ADHDer here, 79K words into my WIP and near the end.

How I did it—and this wasn’t planned, just what happened—was to first read a bunch of story structure books, mentally attempting to slot my characters and events into them and failing. No coherent story came out of that, but I had a bunch of ideas and possibilities

Then I found the One Page Novel structure, which allowed me to think about organizing my events in a different order, mostly backwards, starting from the end state and working to the beginning state of the world and characters. Still didn’t have the story, though it was beginning to come together.

Then I worked through John Truby’s The Elements of Story, creating character webs and doing his other exercises. Still didn’t have the story, but I had a stronger idea of characters and events and thematic elements, and how they might slot together.

Then I wrote everything down on notecards and spent some time arranging them in order. Now it looked like a story, and seeing the events and people like that gave ideas for connecting them and filling in the blanks.

I put that into Scrivener, and it looked like an outline. One with big STUFF HAPPENS HERE labels, but hey.

I was able to start drafting then. 1/3 of the way through I got blocked and realized I needed to re-outline the rest and think it through. I also bought Plottr at the time because shiny new toys keep me interested (thank you ADHD). I did that, wrote more. 3/4 of the way from the end, I realized I needed to do that again as things and motivations and so on had been refined and slightly drifted or been subject to A Better Idea, and thus my original plans wouldn’t work. I did that and realized I was actually 2/3 of the way through, but momentum has built up and I am now on track to finish soon, with no more reorganization aside from a scene or two.

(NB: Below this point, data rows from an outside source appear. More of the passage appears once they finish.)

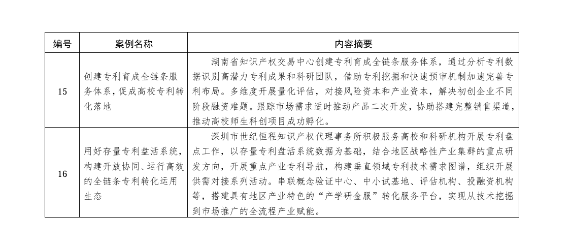 上述案例體現(xiàn)了各地區(qū)各部門指導(dǎo)服務(wù)機(jī)構(gòu)在推進(jìn)專利轉(zhuǎn)化運(yùn)用專項(xiàng)行動(dòng)重點(diǎn)任務(wù)落地過程中的有益實(shí)踐,創(chuàng)新性強(qiáng)、成效突出,具備復(fù)制推廣價(jià)值。請各省級知識產(chǎn)權(quán)局積極宣傳推廣案例,組織高校和科研機(jī)構(gòu)、企業(yè)、服務(wù)機(jī)構(gòu)等各類主體開展交流學(xué)習(xí),借鑒先進(jìn)經(jīng)驗(yàn),大力推動(dòng)專利產(chǎn)業(yè)化,加快創(chuàng)新成果轉(zhuǎn)化。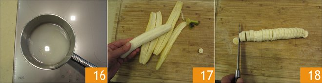 Bring to a boil over low heat 16 until it turns amber. In the meantime, peel the bananas 17 and slice them into rounds about 0.4 inches thick 18.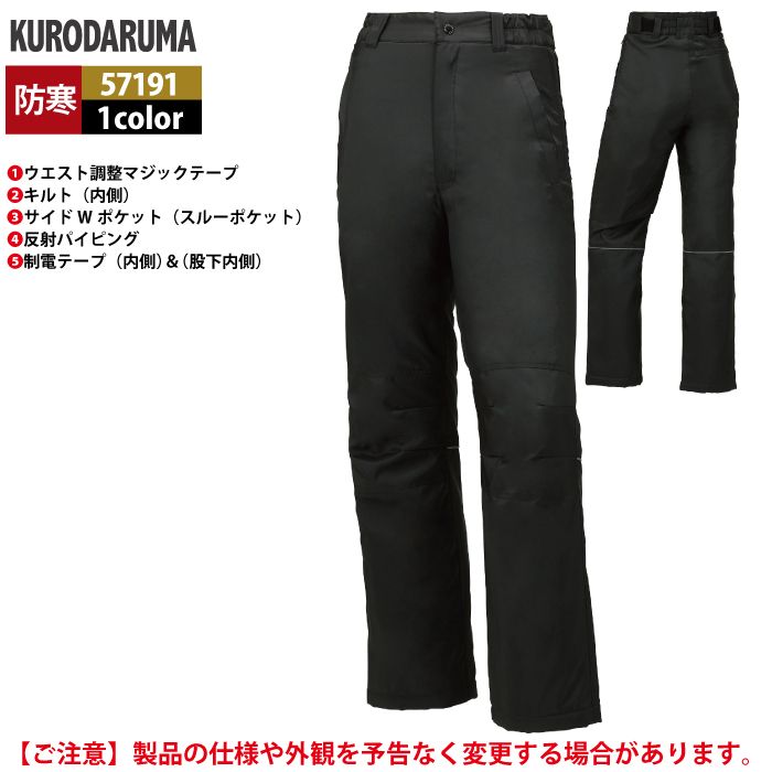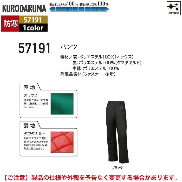 作業服 作業着 クロダルマ 作業服 防寒着 秋冬用 57191 パンツ 3L-5L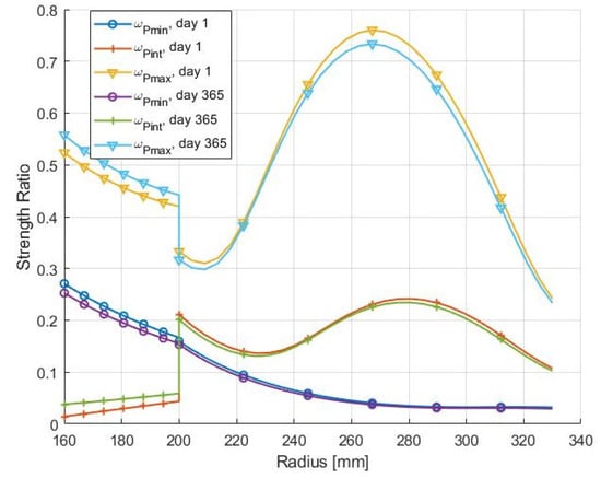 Figure 7 depicts SR data for all points along the rotor radial direction at each velocity for day 1 and day 365. Again, while magnitudes at each point are seen to vary for the different velocities, the overall shape of the SR curves at each velocity bear distinct similarities. Broadly, SR graphs exhibit similar trends as in case 1. After year 1, SR values at ωPmax increase in the hub but decrease in the composite rim. As one would expect, SR values in Figure 7 are lower compared to data in Figure 5, due to the overall lower stress levels and the reduced time that the rotor operates at high velocity.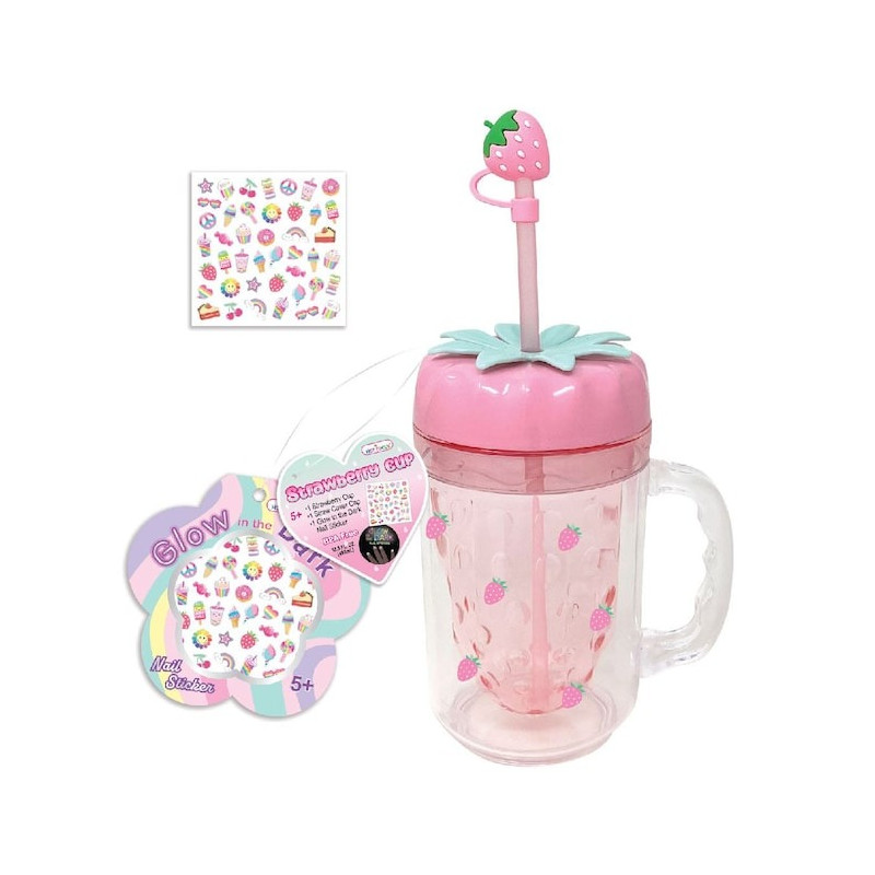 Kubek z uchem, wykonany z grubego plastiku z podwójną ścianką dla dodatkowej ochrony, zakręcany ozdobną nakrętką. Do kubka dołączona jest wielorazowa słomka oraz arkusz naklejek świecących w ciemności, którymi można dodatkowo ozdobić i wyróżnić swój kubek. Słomkę można zamknąć silikonową zatyczką dla większej higieny. Wewnętrzna ścianka kubka jest w kształcie truskawki.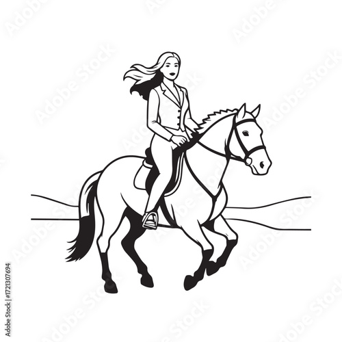 Black and white line art of a beautiful woman with perfect body riding horse elegant minimalist illustration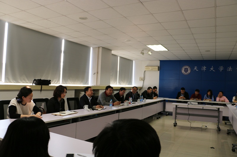 孙佑海院长首先介绍了法学院自6月17日揭牌成立以来各项工作的进展。在学科建设方面,新增刑法学、环境与资源保护法学两个二级学科硕士点,2016-2020年法学学科规划经过全院反复论证已形成初稿;在科学研究方面,学院主动聚焦国家重大需求,承担国家社科重大项目;在学术会议方面,学院连续举办了“重大事故环境风险防控和应急管理法治问题专家研讨会”、中国行为法学会司法行为研究会成立大会、“纪念罗马法走进中国”研讨会暨贾文范法学教育基金成立仪式、“我国应当制定一部什么样的民法典?---‘环境法学与民法学的对话’”等全国性会议,在国内法学界产生重要影响;在名家讲座方面,学院邀请了中国环境法学会会长蔡守秋、中国社科院法学所刑法室主任刘仁文、中国比较法研究会名誉会长刘兆兴等法学名家做客天津大学北洋名家大讲堂,为师生带来法学精彩讲座;在人才引进方面,学院积极联系、争取法学领域的名家大师,青年新秀,通过引进、兼聘等方式,汇聚法学高端智力资源。其次,孙院长提出了法学院目前发展遇到的困难和期望学校给予的支持。在学科建设方面,缺少法学一级学科博士点是制约法学院发展的关键性因素,直接导致法学院难以引进高端人才,难以产生更多、更优秀的研究成果,希望学校能够在法学一级学科博士点的建设上给予大力支持;在人才引进方面,希望学校能够给予法学院特区政策,对于理论基础厚,研究能力强的应用型人才加大引进力度;在办学空间方面,希望学校能够尽快协调落实法学院的教学科研用房。

I have been paying no conscious attention to story structure while actively plotting and drafting, but that doesn’t mean it’s not there—the early mental work of reading and thinking about it means that my subconscious is working on it because when I reread I can see the bones of structure and pacing. I plan to pay conscious attention while rewriting, editing and overall tightening it up.

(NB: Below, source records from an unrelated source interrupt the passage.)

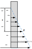 Огибающая концов этих сил давления составляет со стенкой плотины и дном треугольник (см. средний рис.). Точно такой-же характер воздействия будет наблюдаться, если на горизонтальную поверхность положить треугольную прямоугольную призму (см. нижний рис.). Известно, что у однородной треугольной призмы центр масс находится на пересечении медиан AB и CD. Несложно показать, что эта точке центра масс находится на расстоянии равном трети высоты от основания. Таким образом, результирующая сила Fрез будет приложена к стенке плотины на высоте от дна. Эта величина и является плечом силы гидростатического давления.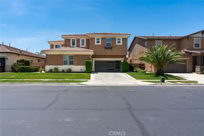 Amazing English Tudor style Equestrian estate perfect for your horses and animals! Big and beautiful, this home is situated on a completely fenced and gated one acre lot boasting 4,200 sq. ft. with 6 beds, 4 1/2 baths and 2 fireplaces! Huge lot with plenty of room for RV's, trailers, boats and all your toys! Complete with 2 staircases front and rear, formal living room with fireplace, formal dining room, upgraded kitchen with granite countertops and subway tile back splashes, newer stainless appliances, breakfast nook, interior French doors, additional family room/6th bedroom with a separate fireplace as well and remodeled bathroom. Spacious sized rooms with artistic ceilings and large bathrooms. Marble countertops and flooring in main bathroom. Upstairs includes a loft library and an upstairs laundry room to make living easier. Large closets and immense storage space of multiple cabinets and shelving throughout. This gorgeous water saving artificially turfed and landscaped backyard with fruit trees is perfect for entertaining. A large alumiwood covered brick patio looks out to the glistening pool, along with 2 Spas and 2 more alumiwood gazebos and lounging areas for family and friends. Front yard landscaping screams curb appeal with trees, queen palms, decorative rock beds, and natural grass. Two entrance gates with side car entrance gate that is motorized. Attached oversized two-car garage with an additional detached two-car garage perfect for a shop, hobby, personal gym/workout room or can be turned into living quarters. 15x80 RV parking complete with hook-ups, custom dog kennels. Upgraded newer vinyl windows, newer lighting, 2 A/C units and 2 water heaters, along with a OWNER OWNED 66 panel solar system to keep those energy bills down and LOW TAX RATE area! This home is fine living at it's best and truly has it all!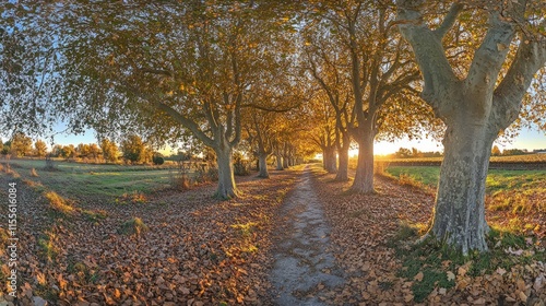 © BerkahStock, Fototapeta premium Sunlit autumn path lined with trees, leaves on ground.

I’ve found a lot of my process happens subconsciously and my job is to feed my subconscious with the raw material: structure, theme, motivation for the bones of the story, and a ton of research and reading in history and anthropology for the meat of it (I’m writing fantasy in a world loosely based on early modern Europe). Once some sort of critical level is reached, it spills out.

This has been a long, involved process but I think that—for me—every part was necessary. If I skipped the story structure stuff, I wouldn’t have the rhythm the story right. If I skipped the One Page Novel stuff, I wouldn’t have been able to work out how the end of the story was created out of the beginning. Had I not done Truby, I wouldn’t have a good sense of how and why my characters fit together and worked off each other. And had I not also read a bunch of books and articles in various subjects, my world would be flat and dull, and the political events driving the story wouldn’t fit.

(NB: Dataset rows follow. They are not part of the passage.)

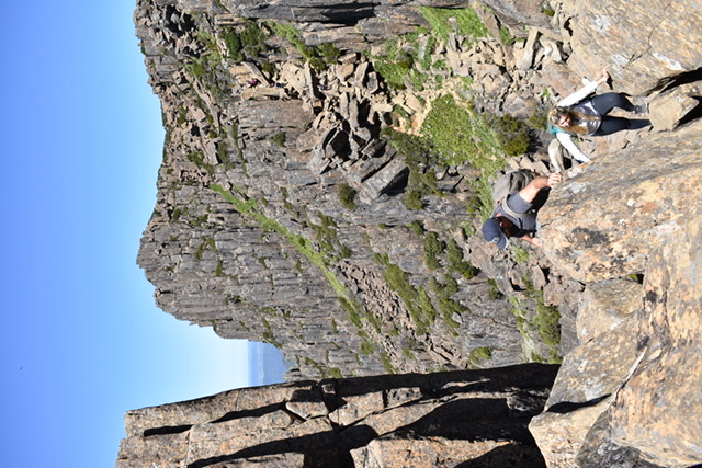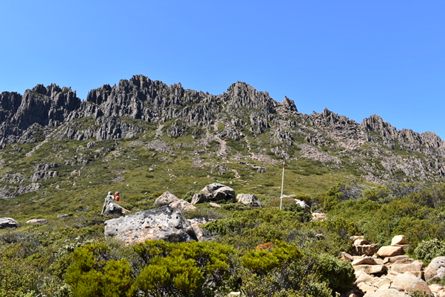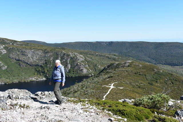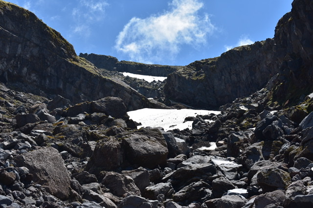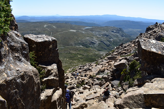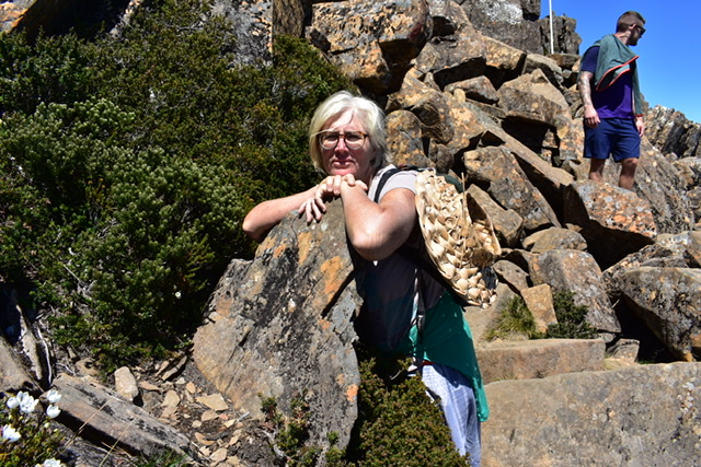 After my brief lunch stop I decided to walk a bit of the summit, but the route quickly went across big rocks and loose stones. I had my walking poles and did go a little distance but decided to go back down knowing it would be more difficult going down (no problem going up as I love bouldering/scrambling – great exercise) and, being on my own, would be foolish should I fall and injure myself. I appear to be getting more sensible with age!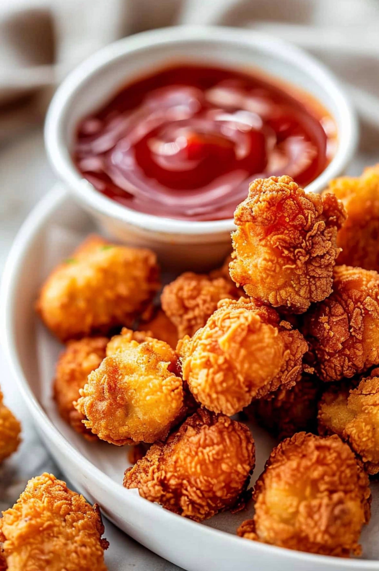 The chicken is marinated in buttermilk with garlic and spices, then coated in a mix of flour, cornstarch, and seasonings. It’s dipped in egg and rolled in panko breadcrumbs for a crunchy outside. After frying, the popcorn chicken can be served with dipping sauces like ranch or honey mustard for a yummy meal.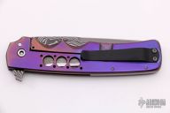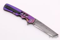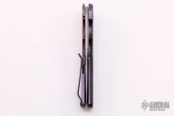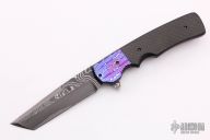 This Tanto flipper by Jason Clark features a Chad Nichols San Mai Armor Core Damascus blade with a checkered flipper. The handle has a dovetailed timascus bolster, carbon fiber scale, orange peel finished and anodized titanium frame, San Mai Damascus backspacer and a black cerakote titanium tip up clip. Rides on IKBS, nice detent, lockup and blade seating. Comes with a zippered case and COA dated 9/29/15. Excellent condition.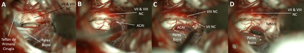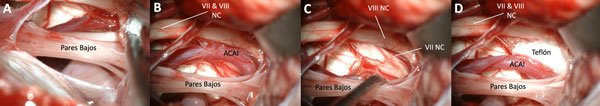 Colocación del teflón: una vez identificado el conflicto neurovascular, se coloca el teflón entre la arteria y el nervio, intentando que el mismo quede "enganchado" en el lugar con bridas aracnoideas, para evitar su movimiento posterior. En el caso de que el teflón no quede bien sujetado, se coloca cola de fibrina para sujetarlo. Es importante intentar colocar el teflón entre la arteria y el tronco cerebral y no directamente sobre el nervio; algunas veces no hay otra alternativa que colocarlo sobre el nervio (Figura 3).
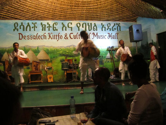 アジスアベバ最大の市場であるマルカートにも立ち寄ったあと、夜はアベラ学長らと合流。伝統的なダンスを見ながら食事が楽しめるというレストランに連れて行ってもらった。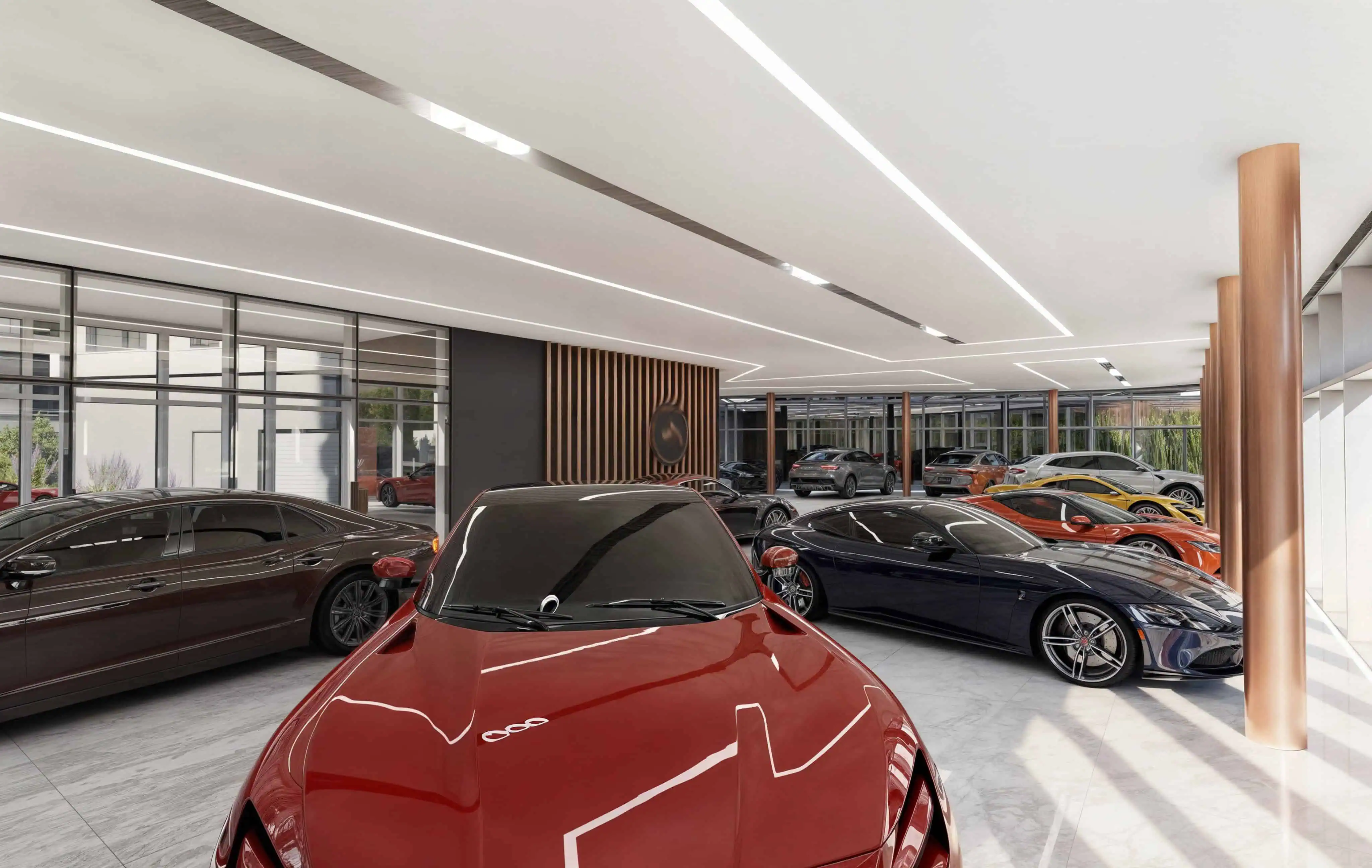 Ekskluzywna przestrzeń dedykowana prestiżowym markom samochodowym.Nasza firma miała przyjemność stworzyć dla klienta fotorealistyczne wizualizacje wnętrza showroomu samochodów luksusowych. Projekt wnętrza został zaprojektowany z dbałością o nowoczesność, elegancję i najwyższą precyzję wykonania. Każdy detal przestrzeni został starannie dopracowany, aby podkreślić prestiż i wyjątkowość ekskluzywnych pojazdów prezentowanych w showroomie. Zastosowane rozwiązania przestrzenne i oświetleniowe idealnie współgrają z charakterem miejsca, tworząc unikalny klimat sprzyjający budowaniu pozytywnego doświadczenia klientów.

Your process will almost certainly be different, but I hope what you get out of this is that you need to try all sorts of stuff to figure out how your creative brain ticks, and be open to the idea that it might be a combo of things. Do you need fallow time to let your back brain simmer? Do you need to find a formula that clicks with you? Do you need to find a friend who will sit and nod and say “And then?” as you tell them the story you have so far? Will you have to write a detailed outline and then throw it away before you can draft? Will you have to write it backwards or out of order, the big set piece scenes first and fit the connecting ones in later?

Or will it be different for every project?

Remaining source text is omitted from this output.